In my original version of my weather station, the enclosure sat inside my greenhouse and was protected from the elements as well as being powered by electricity coming from the house.  I’ve since gotten rid of the greenhouse and attempted to use a rubbermaid enclosure and purchased some solar power equipment to make it wireless.  I had issues with the battery not lasting long in the winter time due to the reduced sunlight as well as the rubbermaid could not handle the elements.  This has led to me not having my weather station for several years now.  With a renewed interest, I am attempting a new enclosure and adding battery monitoring. I’ll be listing the parts that I’m using as well as linking to where you can purchase them.

Hardware:

Power Equipment:

Electronics & Sensors

  • Raspberry Pi Zero W
  • MCP 3008 ADC – could use something smaller, I just had this so I used it
  • BMP180 Pressure Sensor – this has been discontinued, but linking to a newer version that should work
  • MOD-1016 Lightning Sensor – I really want this sensor to work correctly, but I’m still ironing out the details

Mounting Hardware:

As you can see above, the cable gland is placed on one side of the junction box, the solar panel requires a hole in the top to run the wire, but I use velcro to attach. (Have not placed the velcro on the lid of the junction box yet)  The electronics are mounted to a piece of the clear acrylic sheet using the nylon standoffs arranged in a way that everything fits nicely.  The battery sits underneath the acrylic sheet.

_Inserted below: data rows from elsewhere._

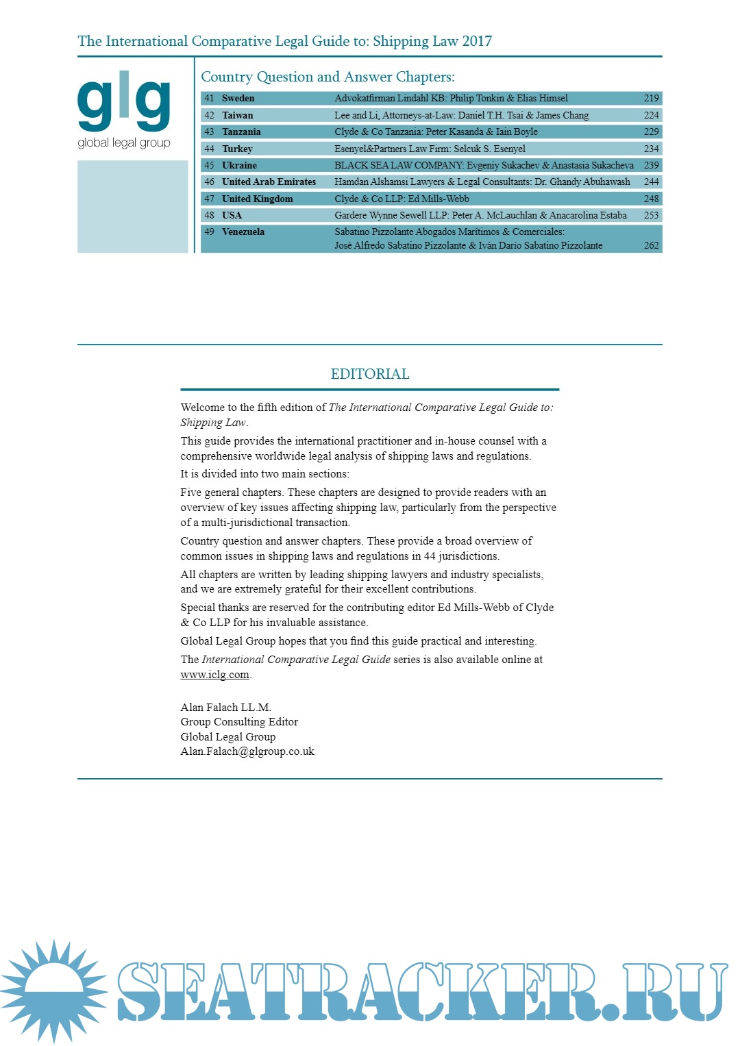 Year: 2017 Language: English Author: Global Legal Group Genre: Practical guide Publisher: Global Legal Group Edition: 5th ISBN: 978-1-911367-65-9 Format: PDF Quality: eBook Pages count: 274 Description: This guide provides the international practitioner and in-house counsel with a comprehensive worldwide legal analysis of shipping laws and regulations. It is divided into two main sections: Five general chapters. These chapters are designed to provide readers with an overview of key issues affecting shipping law, particularly from the perspective of a multi-jurisdictional transaction. Country question and answer chapters. These provide a broad overview of common issues in shipping laws and regulations in 44 jurisdictions. All chapters are written by leading shipping lawyers and industry specialists, and we are extremely grateful for their excellent contributions. Special thanks are reserved for the contributing editor Ed Mills-Webb of Clyde & Co LLP for his invaluable assistance. Global Legal Group hopes that you find this guide practical and interesting.
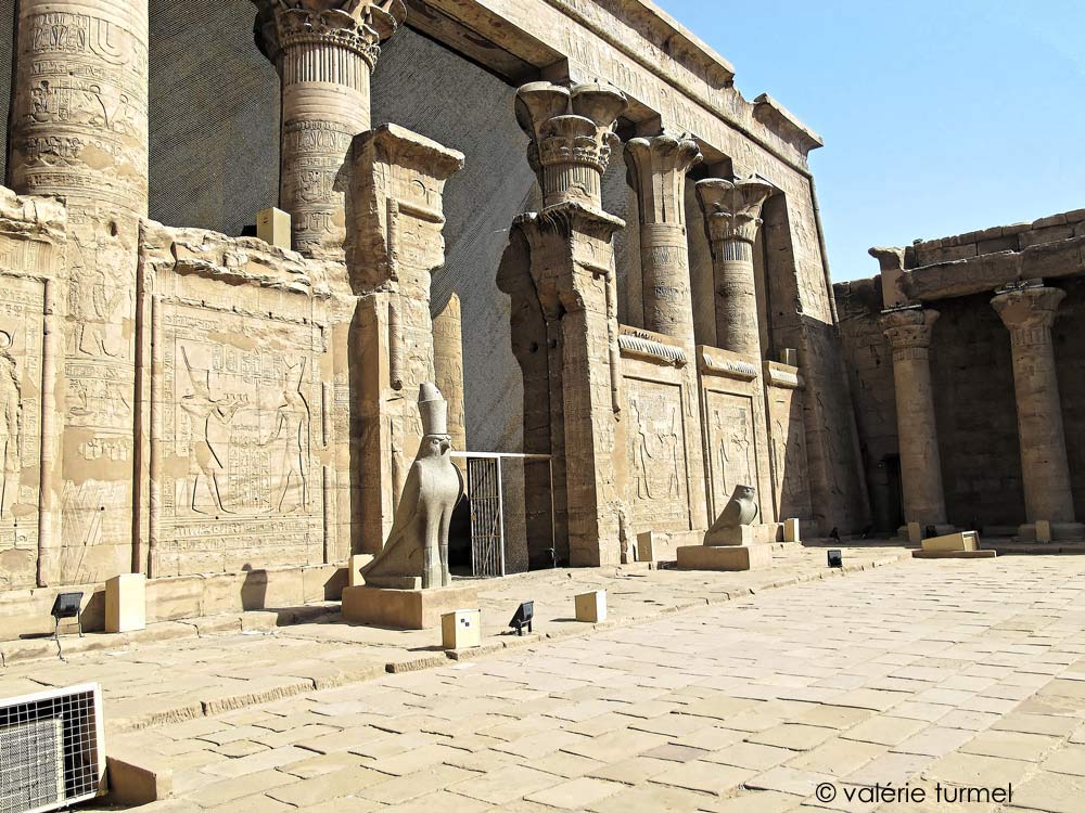 Le pronaos posséde une structure classique avec une façade à colonnes et murs-bahuts et une grande salle à colonnes. la salle mesure 40mètres d'Est en ouest et environ 19 m. du nord au Sud (S. Cauville, D. Devauchel, 1984, p.24).
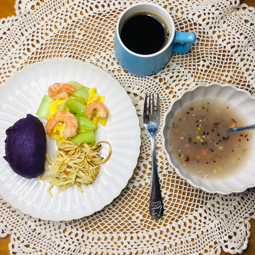 静女其姝-8912 做过 早餐•2024年1月17日 #早餐•2024年1月17日# 早安☀️🌹🍀今日早餐🍽🍀紫薯➕炒虾仁🍤鸡蛋🥚黄瓜🥒➕干🍀豆腐丝🍀坚果🌰藕粉🍀黑咖啡☕️🍀美好的一天从早餐开始了! 2024-01-17
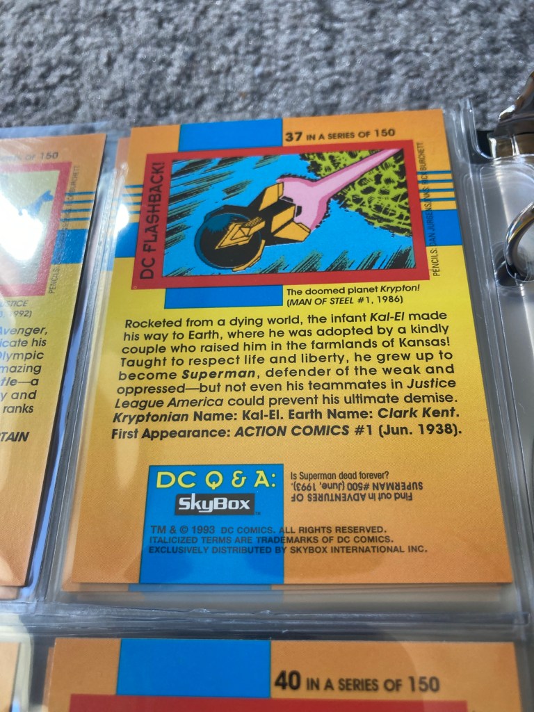 I was on the fence about keeping them or not, since a lot of the set consists of flash in the pan characters of that period, but because of the Superman content I decided to stick it out (I’m also a Green Lantern fan and there’s some great material from that book too). The pictures sprinkled throughout this post are mostly from the binder and card pages I recently bought in order to keep it on my shelf.
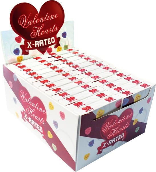 X-Rated Valentine Heart Candies with saying including: LICK ME – LET'S FUCK – BLOW ME – NICE TITS – EAT PUSSY – ASSHOLE – DOGGY STYLE – SEXY ASS.
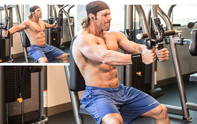 - Отрегулируйте сиденье тренажера так, чтобы рукоятки были на уровне груди.
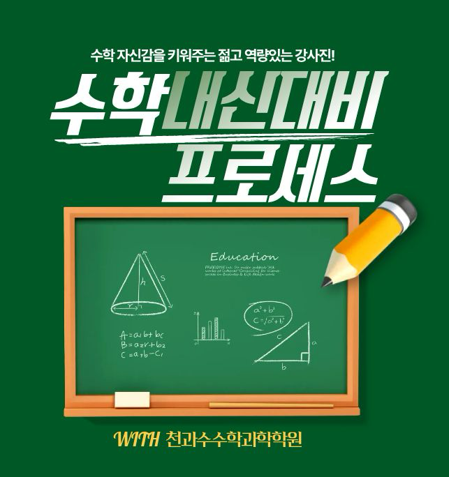 안녕하세요, 천과수 수학과학 학원입니다. 오늘은 저희 학원의 수학과목 내신 대비를 어떻게 하는지 알려드리려고 합니다~ 앞으로 예고된 입시개편안에서도 내신의 중요성은 점점 커지고 있어 내신 대비는 늘 학생분들과 학부모님들의 관심사인데요. 대치동이나 목동의 최상위권 수학 학원들도 대부분 수학은 더더욱 철저한 '수준별 수업'을 고집합니다. 수학은 학교이름이 아니라 '학생의 실력(Level)'에 맞춰야 성적이 오르는 과목이기 때문입니다! 오늘은 선생님들의 노하우와 열정, 그리고 천과수만의 꼼꼼한 관리 시스템이 담긴 <수학 내신 대비 프로세스>를 안내해드립니다 ^^ 철저하게 개개인 '실력(level....... <img src="https://blogthumb.pstatic.net/MjAyNjAyMDRfNDAg/MDAxNzcwMTk4ODg0MjUw.vhkxnHZdOpGCUdlFjeAlezILqQhHD1D2JHRb0kY1dVwg.eAqSQmIH_FCks_xWqxvoquMdaCX9YphiNIehNy1wWiMg.PNG/image.png?type=s3" />
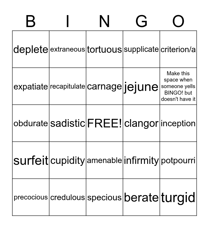 This bingo card has a free space and 26 words: amenable, berate, carnage, credulous, criterion/a, deplete, expatiate, extraneous, inception, infirmity, jejune, obdurate, potpourri, precocious, sadistic, sententious, supplicate, surfeit, tortuous, turgid, Make this space when someone yells BINGO! but doesn't have it, specious, clangor, cupidity, recapitulate and slovenly.
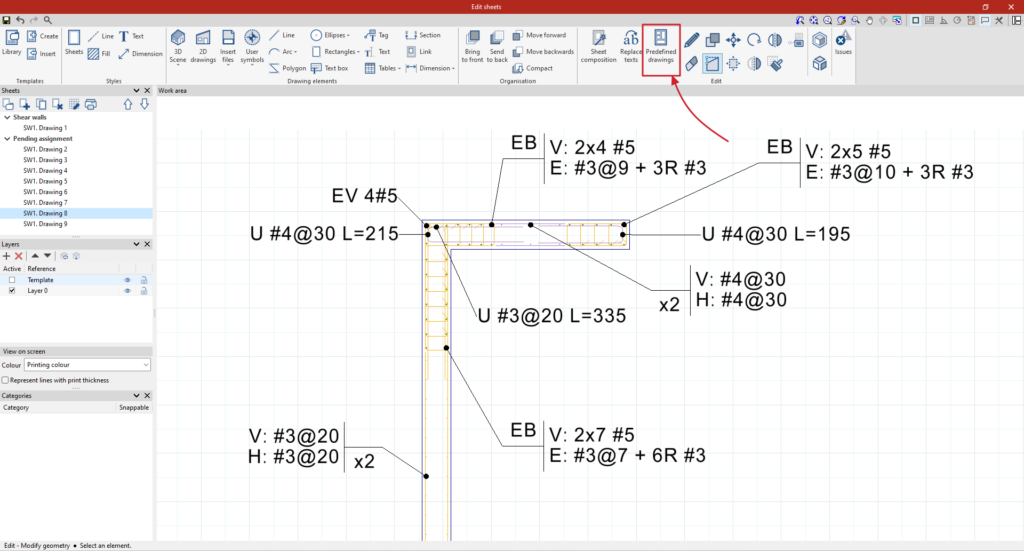 The position of the "Drawings" tab in the program has been changed. Additionally, it is now possible to create and edit the drawings of the thermal envelope with a wider range of tools and possibilities.
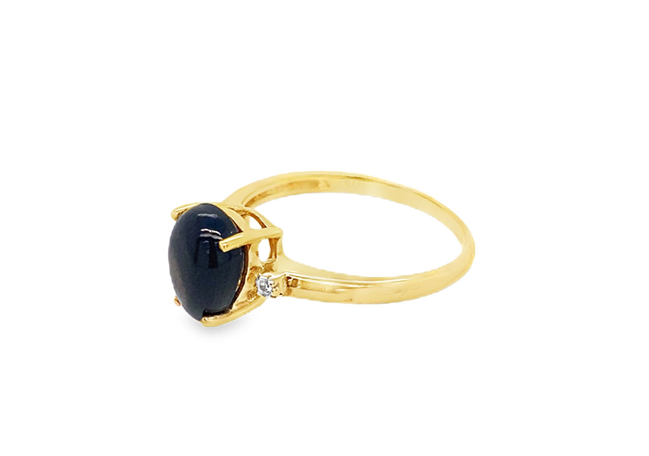 Pre-owned 9ct yellow gold ring with a pear cut cat's eye accompanied by a small white zircon either side.

There are some wires that come from the different hardware pieces that I wanted to call out now and will discuss more in the next post regarding the perma-proto board and the sensor communication with the Raspberry Pi.  As you can see there is a cat 5 cable that runs from the cable gland to the perma-proto board.  This is the communication from the mast.  There are also two wires that come from the power boost to the perma-proto board.  One is from the low battery indicator pin, and the other is the ground pin.

Solar Charging circuit:

Just a quick explanation of how this is wired.

  1. Solar panel plugs into the USB/DC/Solar Li/LiPO charger as well as the battery into the “BATT” terminal
  2. Using a 2 female JST cable from “LOAD” on the Li/LIPO charger to the black JST connector on the Powerboost 1000 Basic
  3. USB A to USB micro from the Powerboost 1000 to the raspberry pi.  I used a small 6″ cable.